Tuesday, 3 May 2011

A BWA reflection on the family

May 3, 2011

For Immediate Release


Washington (BWA)--In the historic Judeo-Christian tradition, the family is ascribed a place of great significance whatever the location of the society in which it is found. Celebrated attempts have been made to destroy the bonds of family but with little or no success. Notwithstanding this, the question of the form the family should take has not admitted unanimous agreement whether in Jewish or Christian circles. One reason is that the family takes its shape in the social context in which it exists.

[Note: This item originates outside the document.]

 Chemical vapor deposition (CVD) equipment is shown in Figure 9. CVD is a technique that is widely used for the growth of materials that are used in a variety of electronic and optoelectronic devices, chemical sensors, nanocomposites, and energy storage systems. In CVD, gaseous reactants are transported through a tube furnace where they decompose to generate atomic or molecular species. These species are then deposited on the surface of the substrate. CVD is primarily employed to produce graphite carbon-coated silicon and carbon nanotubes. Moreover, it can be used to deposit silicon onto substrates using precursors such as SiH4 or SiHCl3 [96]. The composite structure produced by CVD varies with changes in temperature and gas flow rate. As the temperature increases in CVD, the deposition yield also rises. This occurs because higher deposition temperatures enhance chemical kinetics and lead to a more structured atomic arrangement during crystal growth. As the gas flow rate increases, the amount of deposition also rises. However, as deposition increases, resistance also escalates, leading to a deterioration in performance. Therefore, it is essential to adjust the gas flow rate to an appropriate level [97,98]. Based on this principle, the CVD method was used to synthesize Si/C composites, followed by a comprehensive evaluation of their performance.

For many years, some have assumed that the normative form the family should take derives from what was sometimes referred to as "the British tradition" and its Greco-Roman precedents. The so-called "nuclear family" would include a man and a woman, united in publicly attested bonds following socially sanctioned mores enjoying legal recognition. Children - offspring of the husband and wife - would complete the family unit.

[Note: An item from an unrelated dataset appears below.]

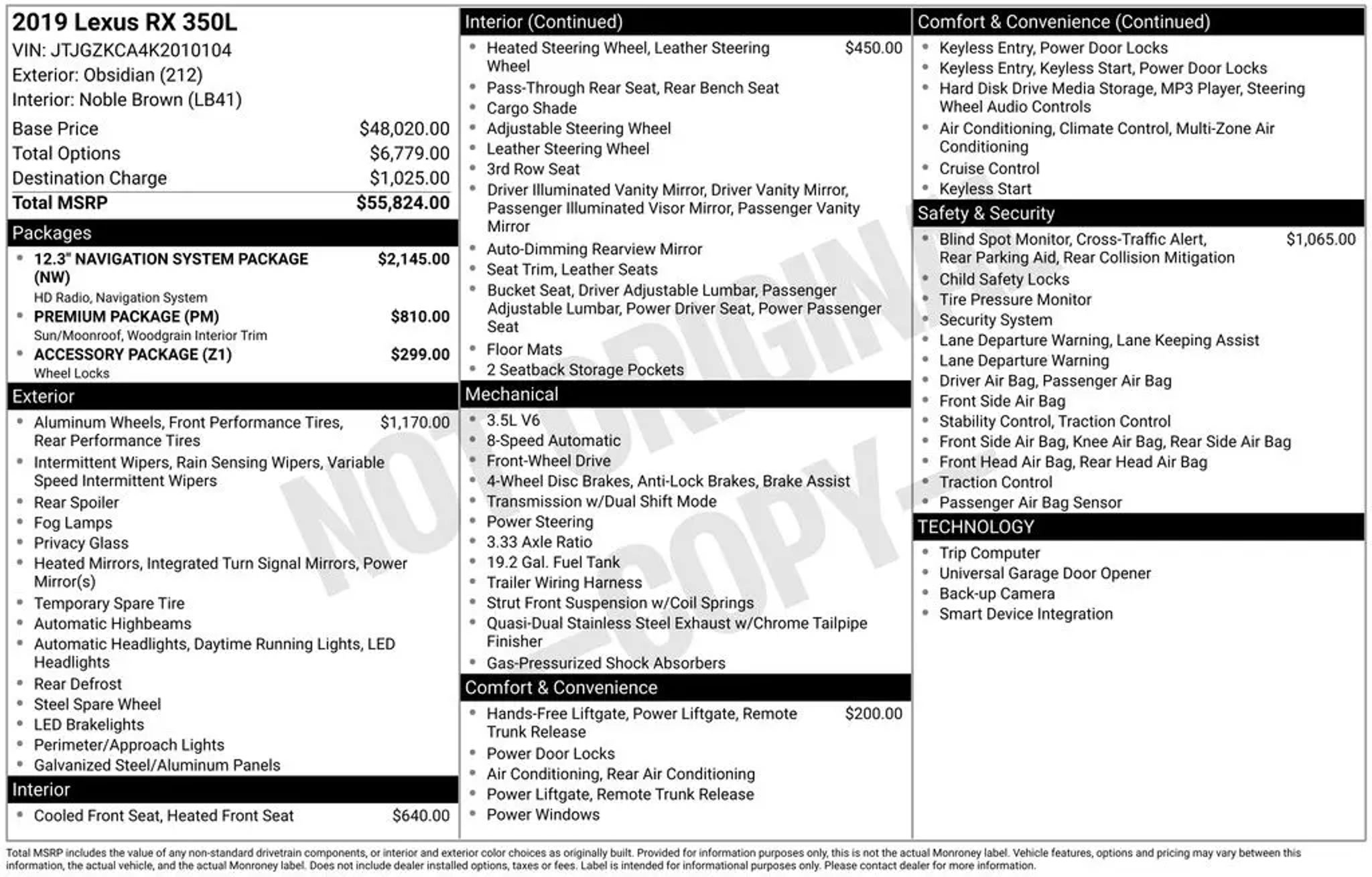 Discover the luxurious 2019 Lexus RX 350L, a captivating SUV that combines sophisticated style with exceptional performance. This meticulously maintained vehicle boasts a sleek black exterior, complemented by a spacious and well-appointed interior that will elevate your driving experience. Indulge in the remarkable features that set this RX 350L apart: - 12.3 Navigation System Package with advanced voice command - 20 High-Gloss Machined Dark Silver Wheels - Blind Spot Monitor and Rear Cross Traffic Alert - Premium Package with Tilt & Slide Sunroof and Wood Door Trim - Heated and Ventilated Front Seats - Premium Heated Wood Steering Wheel This Lexus RX 350L is not just a vehicle; it's a statement of refined taste and exceptional craftsmanship. With its powerful 3.5L V6 engine, 8-speed automatic transmission, and front-wheel drive, this SUV delivers a captivating blend of performance and efficiency, earning an impressive 19 city and 26 highway MPG. Elevate your driving experience with the unparalleled comfort and convenience of this Lexus RX 350L. The spacious cabin, with its premium features and thoughtful design, will make every journey a true pleasure. Whether you're embarking on a family adventure or seeking a sophisticated daily driver, this vehicle is sure to exceed your expectations. This Lexus RX 350L has been meticulously inspected and certified, ensuring you can purchase with confidence. Our team of experts has thoroughly evaluated the vehicle, verifying its exceptional condition and adherence to Lexus' rigorous standards. Discover the exceptional value and uncompromising quality of this 2019 Lexus RX 350L. We invite you to experience the difference for yourself by scheduling a test drive at our showroom. Let us demonstrate how this remarkable SUV can enhance your driving experience and exceed your expectations.

In the eighteenth and nineteenth centuries, when missionaries took the Gospel to lands far away from their own, they tended to assume that the form of family they had in their home country was to be replicated by the people who would become the benefactors of their "civilizing" efforts.

To complicate the situation was the fact that, in some of the situations in which the missionaries served, sections of the civilizing party actually owned human beings and counted these as part of their property. As property belonging to another, these enslaved persons were not entitled to benefit from the protection of the state in the matter of family relations. The result is that the enslaved developed patterns of cohabitation that differed from those of their "masters."

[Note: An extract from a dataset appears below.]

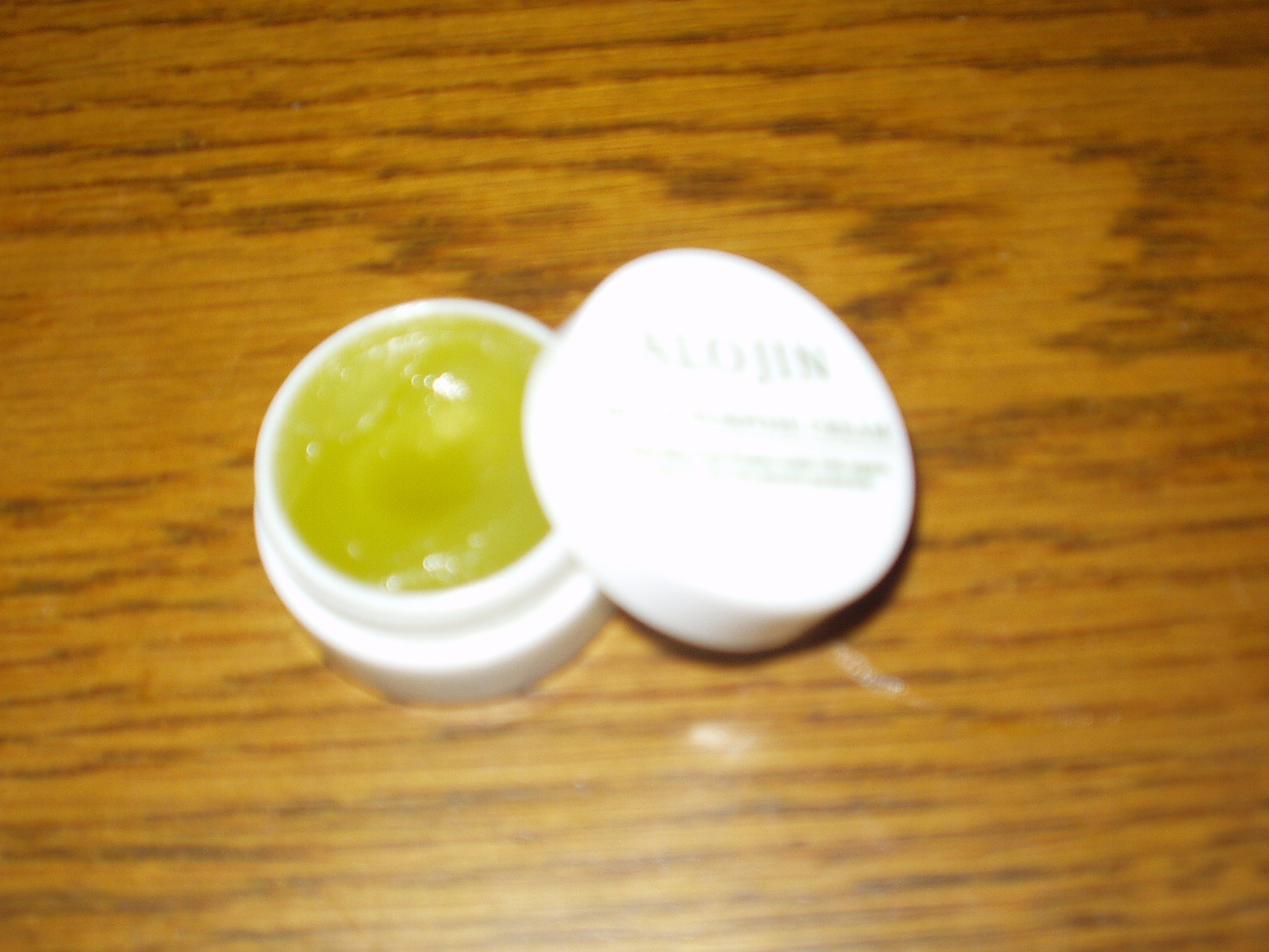 モニター品を見て、あまりの小ささにびっくり。ふたを開けると、緑色のクリームが入っていました。アロエ成分の色です。 モニター品が届いた時、私の目の周りは、かゆくて、がさがさしていました。ぬった感じは、ちょっと脂ぎってしまったという感じ。しかし、2・3日続けていたら、慣れてきました。そして、 目の下のがさがさが改善してきました。ぬった後の油っぽい感じが苦手な人は、寝る直前に塗るといいですよ。手のがさがさもよくなりました。小さいけれど、効果のある製品だと思います。

With emancipation, what was to be the socially approved situation with the family of the formerly enslaved? In some cases, churches that once accepted into leadership enslaved men who lived with their female partners and children started to require these leaders to participate in the traditional marriage rituals formerly allowed only to their overlords. Forty years ago, Barbadian social and cultural historian, Edward Kamau Braithwaite, popularized the recorded exchange between a missionary and a church leader over justification for the leader suddenly being considered unsuitable to continue to hold office because his recent emancipation from slavery required him to mimic the marital customs of his former oppressors.

In the Caribbean, beginning in the 1970s, politicians have collaborated to arrive at definitive answers to the question of the forms the family may take. The result has been a raft of legislations to ameliorate the adverse position of persons living in households in so-called "Common Law Unions."

Some people once felt that determining admissible structural forms for human cohabitation that are not based on canonized social conventions is a most challenging undertaking. Is it possible that today far more difficult issues arise whose resolution will take many decades and perhaps even centuries.

Many will not dispute the church's responsibility to support the family, recognizing, for example, the contribution of the family to the spiritual formation of people in community. Not surprisingly, the 1989 BWA General Council approved a motion to encourage Baptists throughout the world "to acknowledge and endorse anew the need for the home and the family to be deeply rooted in the Christian faith."

When the General Council met again in 1994, the International Year of the Family, the BWA passed a resolution acknowledging that "since family life is under threat in all cultures, Christians must ensure effective marriage preparations, teach family members to communicate with each other, provide relevant models of parenting and benefit from the older generation of Christians."